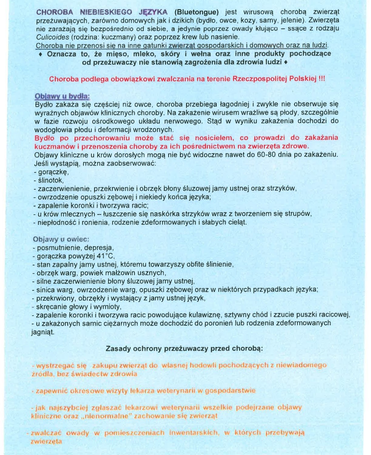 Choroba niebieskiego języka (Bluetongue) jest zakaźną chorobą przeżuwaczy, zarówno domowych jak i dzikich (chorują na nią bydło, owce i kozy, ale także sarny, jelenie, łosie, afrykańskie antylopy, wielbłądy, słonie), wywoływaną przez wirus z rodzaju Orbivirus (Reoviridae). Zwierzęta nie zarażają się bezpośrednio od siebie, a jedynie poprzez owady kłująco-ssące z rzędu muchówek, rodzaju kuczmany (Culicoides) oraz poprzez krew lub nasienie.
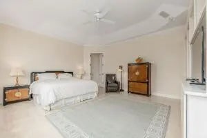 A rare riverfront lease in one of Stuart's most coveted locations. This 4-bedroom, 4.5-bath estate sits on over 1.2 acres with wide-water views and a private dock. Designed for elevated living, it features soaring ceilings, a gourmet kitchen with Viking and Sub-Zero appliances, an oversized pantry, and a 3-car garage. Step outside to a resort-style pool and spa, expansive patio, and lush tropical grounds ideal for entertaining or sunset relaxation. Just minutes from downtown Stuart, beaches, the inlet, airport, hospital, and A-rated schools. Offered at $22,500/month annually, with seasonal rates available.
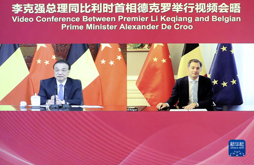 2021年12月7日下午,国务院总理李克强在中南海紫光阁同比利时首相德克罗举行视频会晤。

-.-.-

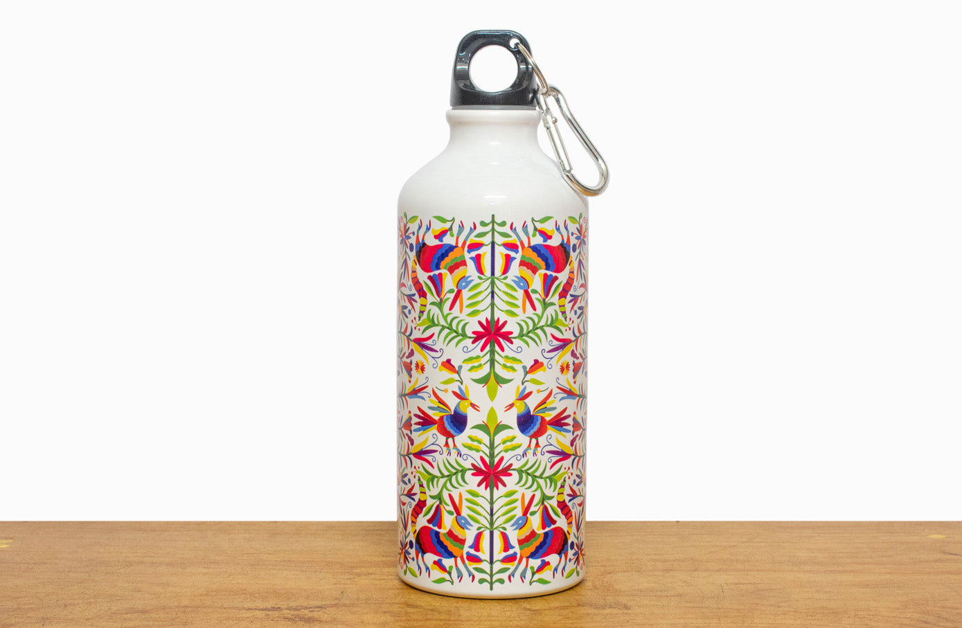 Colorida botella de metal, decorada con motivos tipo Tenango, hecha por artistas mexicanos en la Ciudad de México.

-.-.-

• What needs to be done
From the records above, copy exactly the stretch from the line holding "Choroba niebieskiego języka" through the line holding "2021年12月7日下午,国", both ends included, without the pictures.

• Result
 Choroba niebieskiego języka (Bluetongue) jest zakaźną chorobą przeżuwaczy, zarówno domowych jak i dzikich (chorują na nią bydło, owce i kozy, ale także sarny, jelenie, łosie, afrykańskie antylopy, wielbłądy, słonie), wywoływaną przez wirus z rodzaju Orbivirus (Reoviridae). Zwierzęta nie zarażają się bezpośrednio od siebie, a jedynie poprzez owady kłująco-ssące z rzędu muchówek, rodzaju kuczmany (Culicoides) oraz poprzez krew lub nasienie.
 A rare riverfront lease in one of Stuart's most coveted locations. This 4-bedroom, 4.5-bath estate sits on over 1.2 acres with wide-water views and a private dock. Designed for elevated living, it features soaring ceilings, a gourmet kitchen with Viking and Sub-Zero appliances, an oversized pantry, and a 3-car garage. Step outside to a resort-style pool and spa, expansive patio, and lush tropical grounds ideal for entertaining or sunset relaxation. Just minutes from downtown Stuart, beaches, the inlet, airport, hospital, and A-rated schools. Offered at $22,500/month annually, with seasonal rates available.
 2021年12月7日下午,国务院总理李克强在中南海紫光阁同比利时首相德克罗举行视频会晤。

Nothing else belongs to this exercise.